In Cascella v. Jay James Camera Shop, Inc., 147 Conn. 337, 342-43, 160 A.2d 899 (1960), the error claimed was that counsel in argument suggested a mathematical formula for the jury to use in fixing damages.Summary of this case from Levin v. Ritson
The multiple car collision in which the plaintiffs were injured was precipitated when the defendant J drove the defendant G's truck into the station wagon ahead of him. J and G were represented at the trial by an attorney provided by the company which carried the liability insurance on the truck. The fact that J, by failing to appear at the trial, may have forfeited his right under the policy to be defended did not require that counsel's motion to withdraw as attorney for J be granted. The question of coverage was foreign to the issues at the trial and could not be determined on such a motion. Extrajudicial statements are admissible under the exception to the hearsay rule for spontaneous utterances only if they were spontaneous and unreflective and made under such circumstances a to indicate absence of opportunity for contrivance. The admission in evidence against G of certain statements made by J at the scene of the accident constituted reversible error. Since the record did not show under what circumstances the statements were made, it could not be said that they were admissible a spontaneous utterances, and they were not admissible against G a admissions since J was not G's agent for the purpose of making admissions. Since there was important evidence in the case which the jury could properly use against J but not against G, it was error to charge that if the jury found J liable they must also find G liable. The court did not abuse its discretion in failing to respond to the defendants' suggestion, after the charge, that the jury be told to disregard a certain point made in the arguments. The defendants should have acted sooner, by excepting to the argument while it was being made or at its close, or perhaps by motion for mistrial or request to charge made before the charge was given.
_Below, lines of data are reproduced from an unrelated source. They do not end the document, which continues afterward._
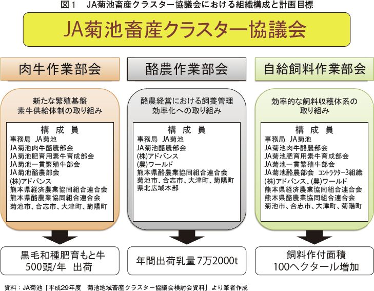 JA菊池管内は、県内肥育牛生産の40%を占める一大肥育地帯である。しかし、肥育もと牛の一部は他県に依存する現状にある。先述したように、肥育もと牛は全国的に不足している。当該地域においても同様であり、この数年、繁殖雌牛の飼養頭数の減少により、子牛価格は急騰し、肥育農家の経営を圧迫している。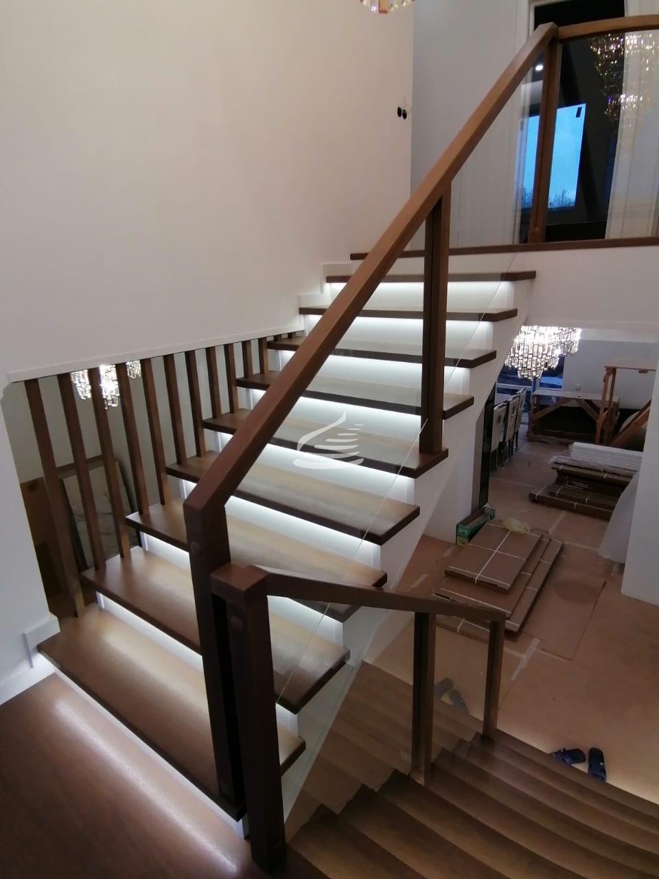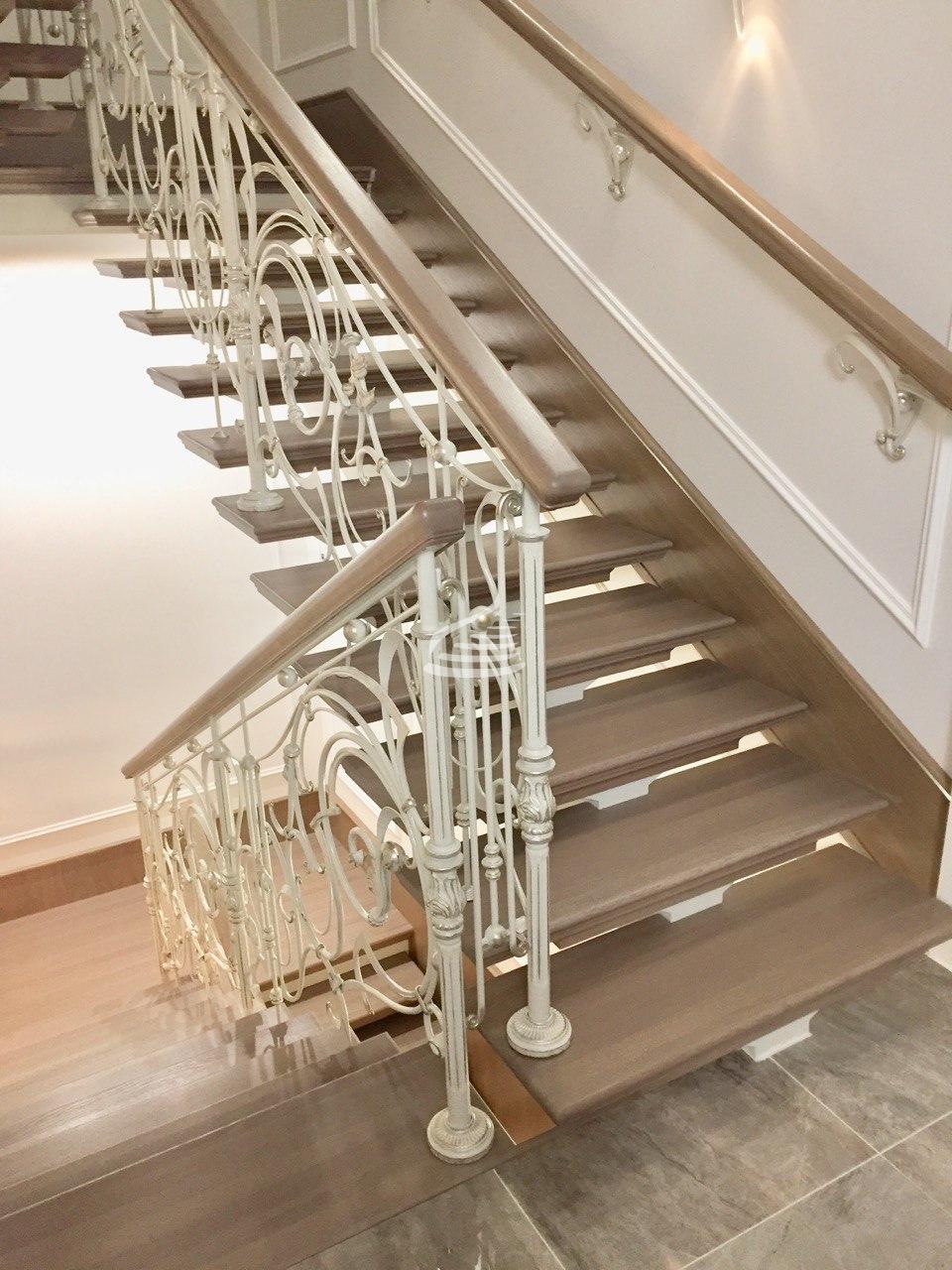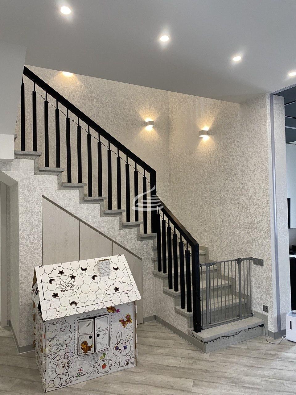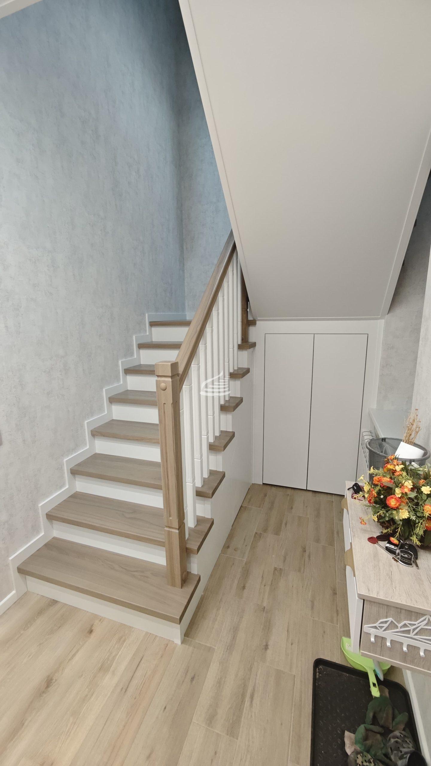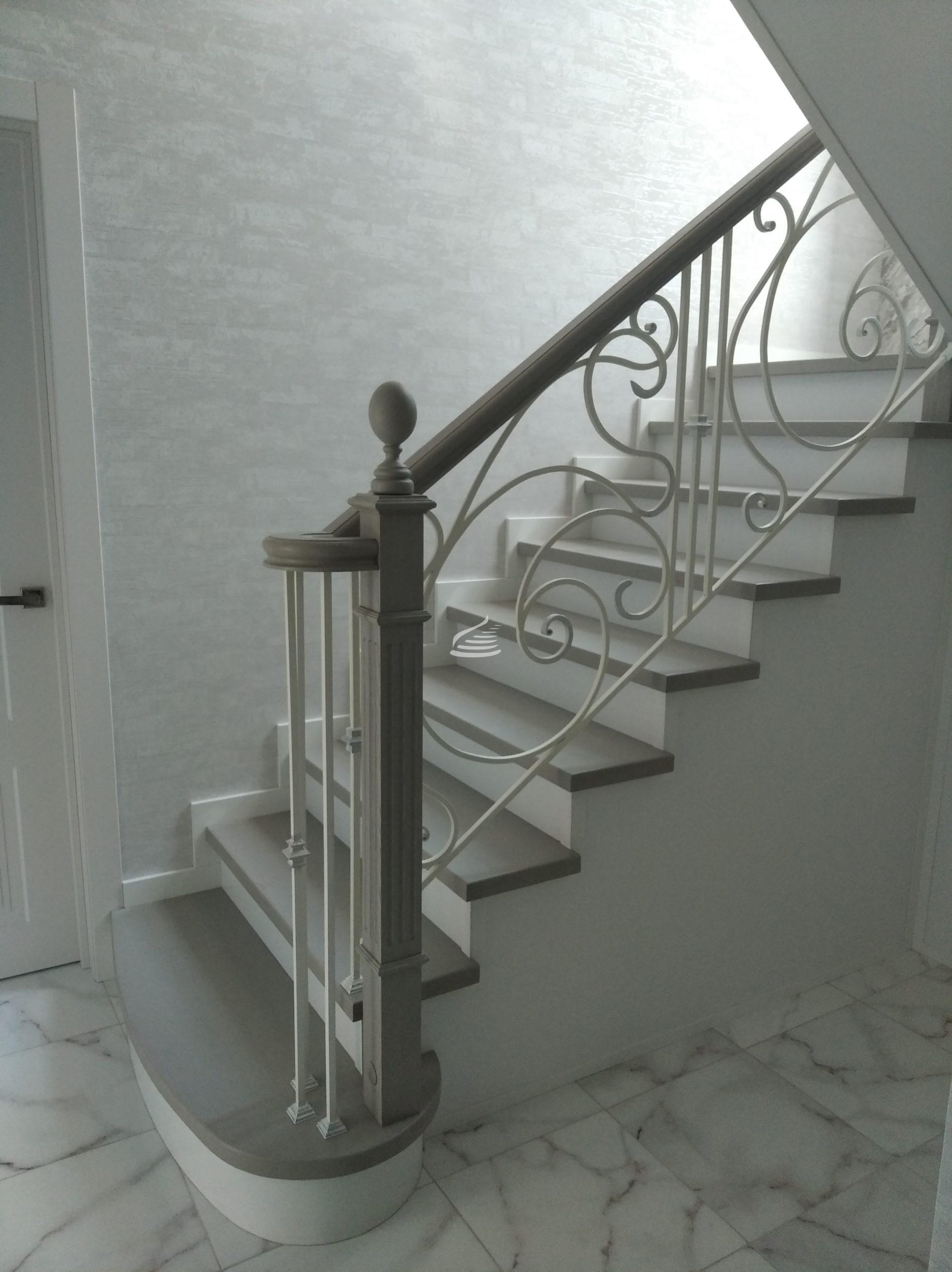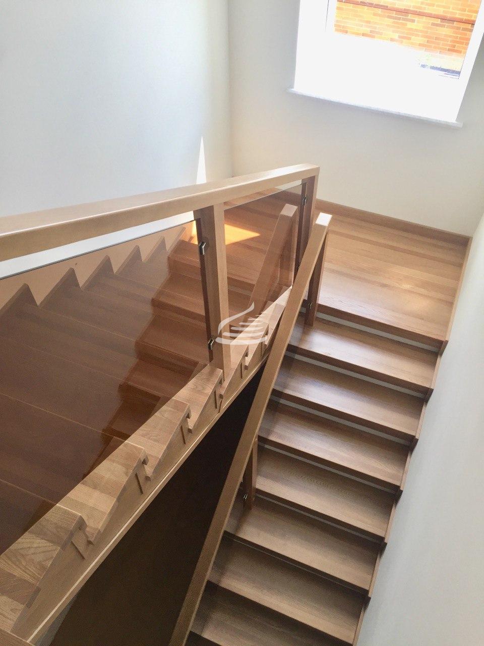 Лестница между стен, с пристенным поручнем и подиумными ступенями, в серых тонах, из цельноламельного Ясеня. Обшивка готового металлокаркаса.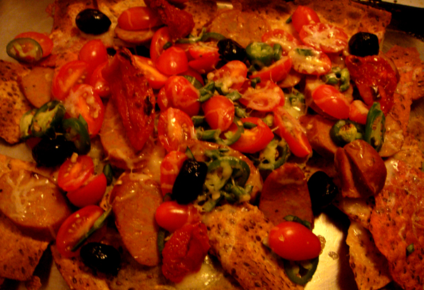 Lazy evenings at Cafe D. dictate quick-cooking and easy to assemble meals, hence a recent dinner of nachos as seen above. Clean Sweeping the fridge, we topped Trader Joe's Flax Seed Chips with sliced chicken sausage, oil-cured olives, grape and sun-dried tomatoes, sliced jalapenos, leftover salsa and cheddar and provolone cheeses.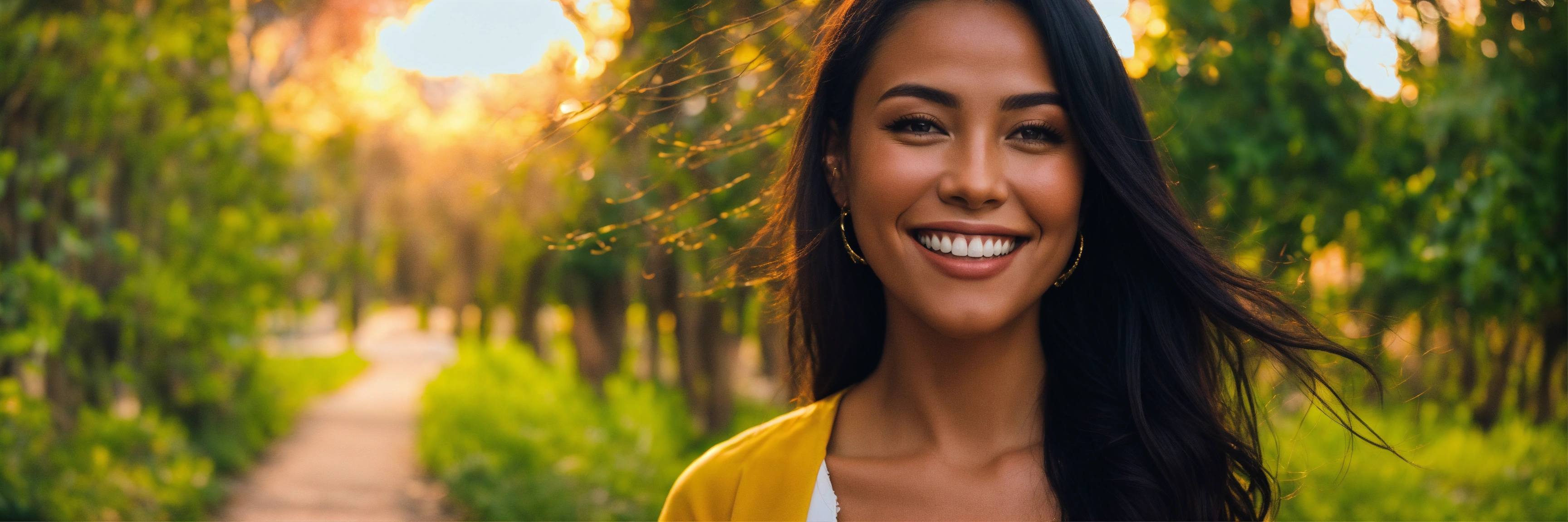 Image prompt of a woman with a radiant smile. this chapter discusses the importance of recognizing your personal space, emotional boundaries, and individual boundaries.

As the duty rested on the defendants to explain J's failure to testify, rather than on the plaintiffs to show J's availability, the charge relating to the inference to be drawn from J's failure to testify was not in error.
Argued February 3, 1960
Decided April 28, 1960
Actions to recover damages for injuries to person and property, alleged to have been caused by the negligence of the defendants, brought to the Superior Court in Fairfield County and tried to the jury before Conway, J.; verdicts and judgments in both cases for the plaintiffs against the defendants Merrill and Murray and in favor of the remaining defendants, from which the defendants Merrill and Murray appealed. No error as to the defendant Merrill in either case; error and new trial as to the defendant Murray in both cases.
The appellants filed a motion for reargument which was denied.
J. Warren Upson, with whom was John H. Cassidy, Jr., for the appellants (defendants Merrill and Murray) in each case.
Samuel C. Derman, for the appellees (plaintiffs) in the second case.
Kenneth J. Zarrilli, with whom, on the brief, were Edward J. Lang, Burton J. Jacobson and Alfred A. D'Amore, for the appellee (plaintiff) in the first case.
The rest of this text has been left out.